Exact reproduction is required for the lines below starting at the line with "- ・会議室はダウンライトや木目の壁で暖かさをプラス" and ending at the line with "佳达租赁管理系统是一款小巧绿", both included. No other lines, and no pictures.

▸ LISTED RECORDS

=== Begin Enclosure ===

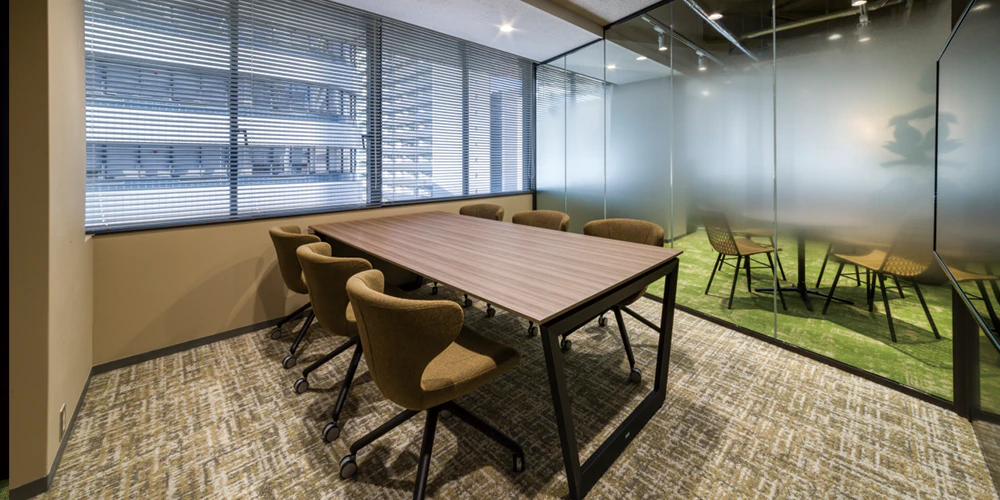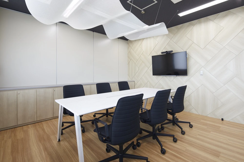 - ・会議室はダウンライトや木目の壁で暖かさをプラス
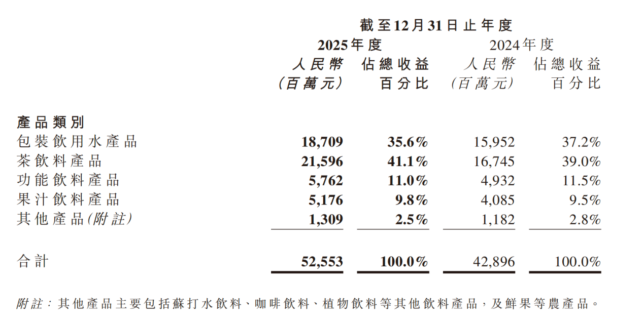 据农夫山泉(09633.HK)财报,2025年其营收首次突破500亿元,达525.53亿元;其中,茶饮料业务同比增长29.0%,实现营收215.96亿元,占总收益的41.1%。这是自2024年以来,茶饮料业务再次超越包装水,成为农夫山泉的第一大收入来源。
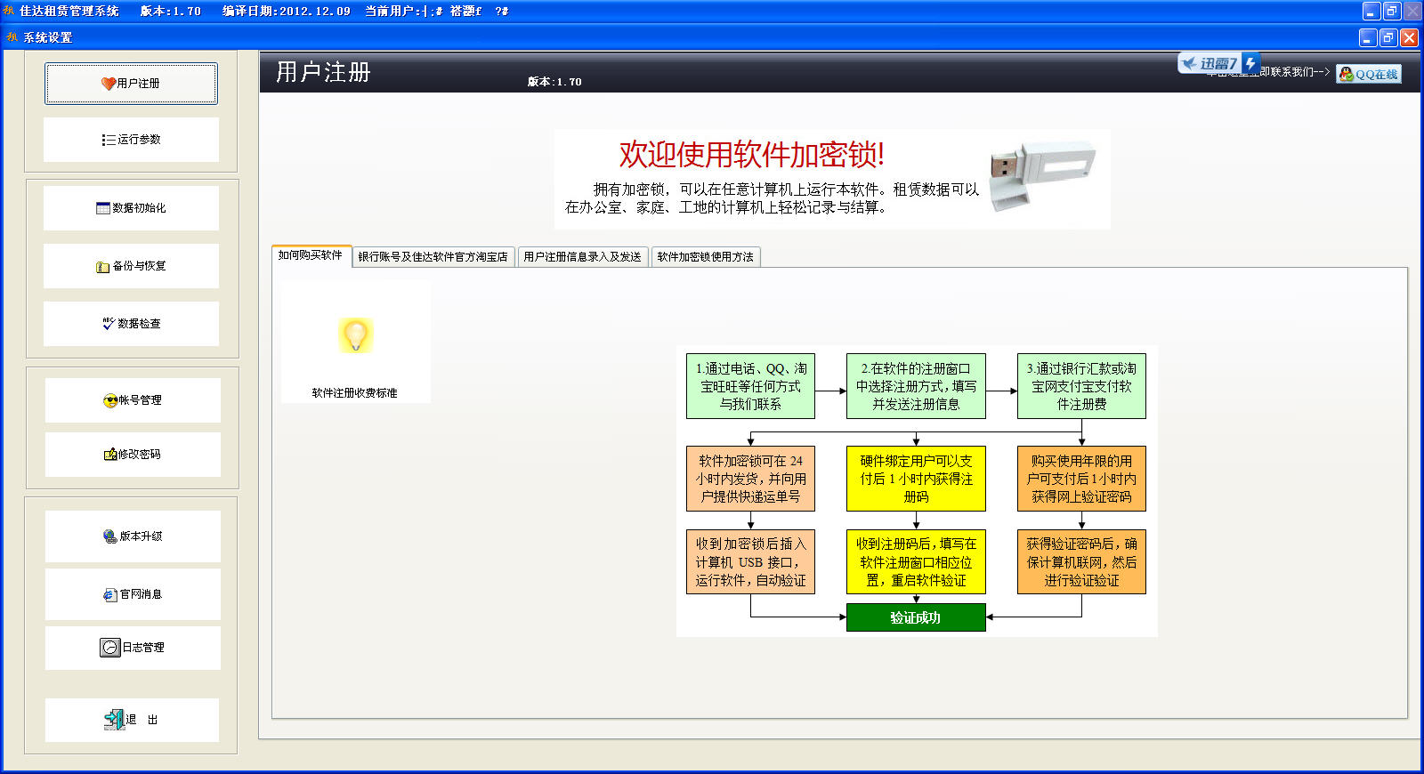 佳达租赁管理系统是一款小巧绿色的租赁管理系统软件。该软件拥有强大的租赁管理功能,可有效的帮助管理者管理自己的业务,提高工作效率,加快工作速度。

=== End Enclosure ===
=== Begin Enclosure ===

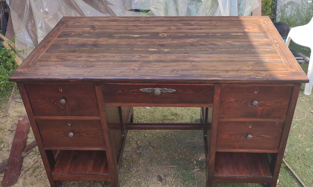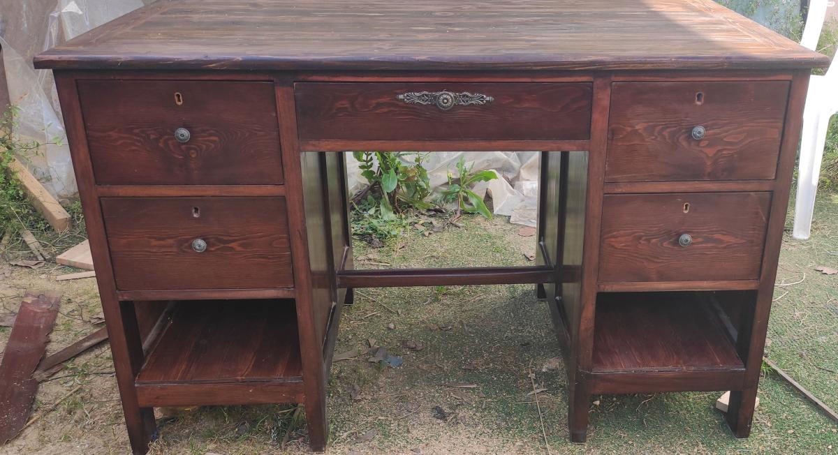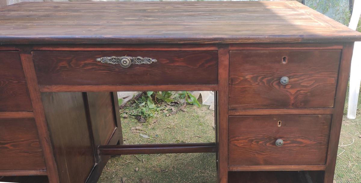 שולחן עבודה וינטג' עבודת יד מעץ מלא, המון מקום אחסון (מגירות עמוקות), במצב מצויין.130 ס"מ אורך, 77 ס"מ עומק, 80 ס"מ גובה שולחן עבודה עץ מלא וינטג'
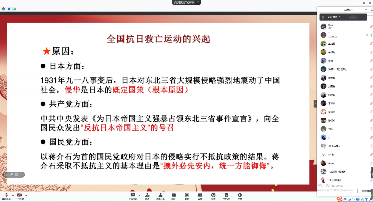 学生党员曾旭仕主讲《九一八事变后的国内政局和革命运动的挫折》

=== End Enclosure ===

▸ OUTPUT FOR THIS EXERCISE
 - ・会議室はダウンライトや木目の壁で暖かさをプラス
 据农夫山泉(09633.HK)财报,2025年其营收首次突破500亿元,达525.53亿元;其中,茶饮料业务同比增长29.0%,实现营收215.96亿元,占总收益的41.1%。这是自2024年以来,茶饮料业务再次超越包装水,成为农夫山泉的第一大收入来源。
 佳达租赁管理系统是一款小巧绿色的租赁管理系统软件。该软件拥有强大的租赁管理功能,可有效的帮助管理者管理自己的业务,提高工作效率,加快工作速度。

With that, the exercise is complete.